The most frequent question I get from readers — whether family members, neighbors, friends or other book critics and authors — is “What should I be reading? What’s good right now?”
This column is the answer. I’ll provide a selection of the month’s hottest releases, from must-read memoirs to the finest fiction. And although a few Very Big Books may not make the cut, I’m sure we can all agree that Stephen King’s “Elevation” doesn’t really need more, well, elevation.
“All You Can Ever Know: A Memoir,” by Nicole Chung (Catapult, $26)
Chung’s search for her biological roots, after being raised in Oregon by white parents who adopted her from Korean parents, has to be one of this year’s finest books, let alone memoirs. Editor in chief of Catapult and former editor of the Toast, Chung has literary chops to spare and they’re on full display in descriptions of her need, pain and bravery.

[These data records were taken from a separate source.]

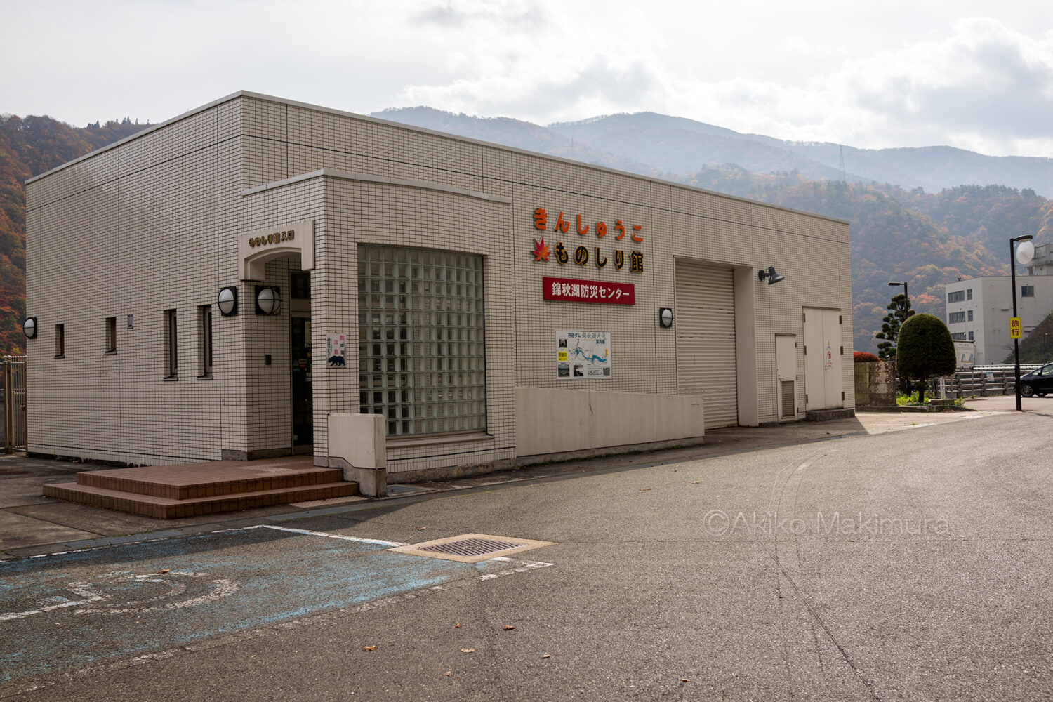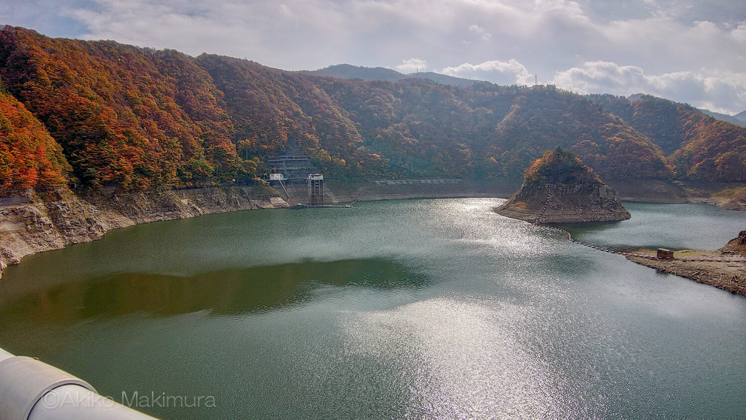 天端を引き返し、管理支所のある方向に行く。もう少し先に、錦秋湖を展望できる場所がある。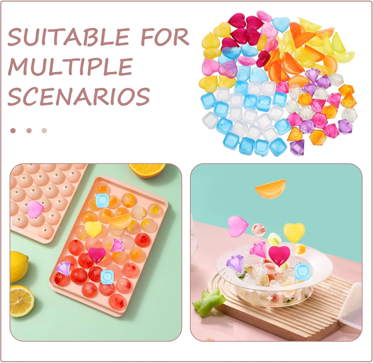 Package List 96 x Plastic Ice Cubes Characteristics -Size:5.20X2.70X2.30cm/2.04X1.06X0.90in eyeball ice cubes -Wide application: for a variety of uses, including making cold drinks, packing lunch bags, and keeping coolers chilled, these ice cubes are highly versatile ice bin with lid -Elegant look: the fake adds a touch of sophistication to your beverages, enhancing their overall appearance eyeball ice cubes reusable -Fast freezing: these ice cubes freeze quickly, allowing you to enjoy cold drinks and chilled food without waiting for long periods clear ice cube -Reusable and : crafted from pp material, these ice cubes can be reused multiple times, offering a sustainable cooling option fake ice -Material:Plastic large reusable ice cubes -Size:3.30X3.30X3.30cm/1.30X1.30X1.30in fale ice -Color:Assorted Color plastic ice cubes -Size:2.60X2.60X2.60cm/1.02X1.02X1.02in ice cube trays plastic - material: made from pp material, these ice cubes are to use with any food or drink, ensuring your safety fake ice cubes -Size:3.90X3.90X1.60cm/1.53X1.53X0.63in ice cube binGoods Descriptionclear ice trays They offer a to traditional ice cubes, ensuring your drinks without getting watered down.fake ice cubes for use in lunch bags, coolers, and at home, these fake ice cubes can be reused multiple times.fake ice cube These 96pcs reusable ice cubes are designed to provide quick and efficient cooling for your drinks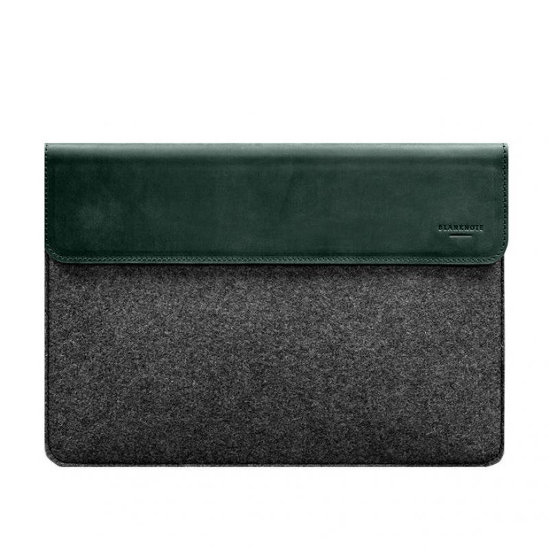 Чехол для ноутбука 13” - стильный аксессуар из фетра и натуральной кожи, который защитит ваше устройство от сколов, царапин, пыли и грязи! Аксессуар изготовлен из высококачественной мягкой кожи Crazy Horse в черном цвете и эко-фетра. Благодаря свойствам этой кожи защитный чехол даже после длительного использования будет выглядеть превосходно. Фетр обработан специальной пропиткой, которая защищает материал от влаги и повреждений. Чехол-конверт изготовлен полностью вручную. Выдержанный классический дизайн аксессуара сделает его статусным атрибутом вашего стиля. Чехол предназначен для любых моделей ноутбуков и планшетов, которые сопоставимы по размеру к MacBook Pro 13". Аксессуар идеально совместим со всеми ноутбуками компании Apple. Поверхность чехла не требует специального сложного ухода. Обратите внимание! В нашем магазине Бланкнот вы можете заказать кожаный чехол для ноутбука с любыми изменениями. Наши мастера могут изготовить чехол по параметрам Вашего ноутбука, можно убрать или заменить логотип на чехле, также Вы можете воспользоваться услугой персонализации изделий. Гарантия на аксессуар - 3 года с момента покупки. ВНИМАНИЕ! Выделка данной кожи предполагает естественное появление на ней царапин и потертостей в ходе использования! От этого изделие становится более индивидуальным и приятным, это оценят настоящие поклонники винтажного стиля:)  А так же первое время кожа может краситься при сильном трении об другие предметы  - это особенность её выделки, постепенно этот эффект уменьшается,  кожа полируется и приобретает чуть глянцевый эффект. Фурнитура и комплектация может быть изменена производителем

“The Flame: Poems Notebooks Lyrics Drawings,” by Leonard Cohen (FSG, $28)
Published posthumously, Cohen’s final volume shows his poetic soul. If you know the man only because of “Hallelujah” or “Suzanne,” pick up “The Flame” and warm yourself within its pages.
“The Greatest Love Story Ever Told,” by Nick Offerman and Megan Mullally (Dutton, $28)
This is pure silly fun, with a generous side of real intimacy, from the scene-stealers from“Parks and Recreation” and “Will and Grace,” who remind us not only that relationships are like jigsaw puzzles, but also that solving jigsaw puzzles can help any relationship.
“Killing Commendatore,” by Haruki Murakami (Knopf, $30)
Even those who didn’t love some of the famed Japanese author’s earlier work should try this new one, translated by Philip Gabriel. It’s an homage to “The Great Gatsby,” as well as a sort of puzzle epic.
“November Road,” by Lou Berney (Morrow, $26.99)
There’s no shortage of books about the assassination of John F. Kennedy, including the aforementioned Stephen King’s “11/21/63.” This pick, by the author of “The Long and Faraway Gone,” offers an outlaw’s perspective on that era-defining tragedy.
“Unsheltered,” by Barbara Kingsolver (Harper, $29.99)
Cue the sound of book-club members’ credit cards being swiped; a new Kingsolver novel is an event. “Unsheltered” will have people talking not simply because it’s vintage Kingsolver, but because it’s a historical novel in two eras with pointed references to climate change.
“The Library Book,” by Susan Orlean (Simon & Schuster, $28)
The acclaimed author of “The Orchid Thief” returns with a book that’s both a chronicle of the catastrophic 1986 Los Angeles Public Library fire and a powerful paean to libraries and the people who love them.
“My Love Story,” by Tina Turner (Atria, $28)
You might remember Turner’s memoir, “I, Tina” that became the 1993 movie “What’s Love Got to Do With It?” Tough stuff. In her new autobiography, the woman born Anna Mae Bullock in Nutbush, Tenn., focuses less on her abusive ex and more on the passion for music that made her one of the world’s most successful entertainers.
“Well-Read Black Girl: Finding Our Stories, Discovering Ourselves,” by Glory Edim (Ballantine, $20)
Edim’s Well-Read Black Girl online community is one of the best arguments for social media that exists. In this essay collection she has edited, we can see that it’s also necessary, with some of today’s finest writers — including Jesmyn Ward, Jacqueline Woodson and Tayari Jones — making the case for why representation in literature changes lives.
“I Might Regret This: Essays, Drawings, Vulnerabilities, and Other Stuff,” by Abbi Jacobson (Grand Central, $28)
Have you watched “Broad City” yet? If not, do: Comedians Ilana Glazer and Abbi Jacobson might be the Lucy and Ethel of Gen Y. Jacobson, who recently drove cross-country alone, uses the more tender side of her humor in this delightful mash-up of an essay collection. She’s worth the trip.
Bethanne Patrick is the editor, most recently, of “The Books That Changed My Life: Reflections by 100 Authors, Actors, Musicians and Other Remarkable People.”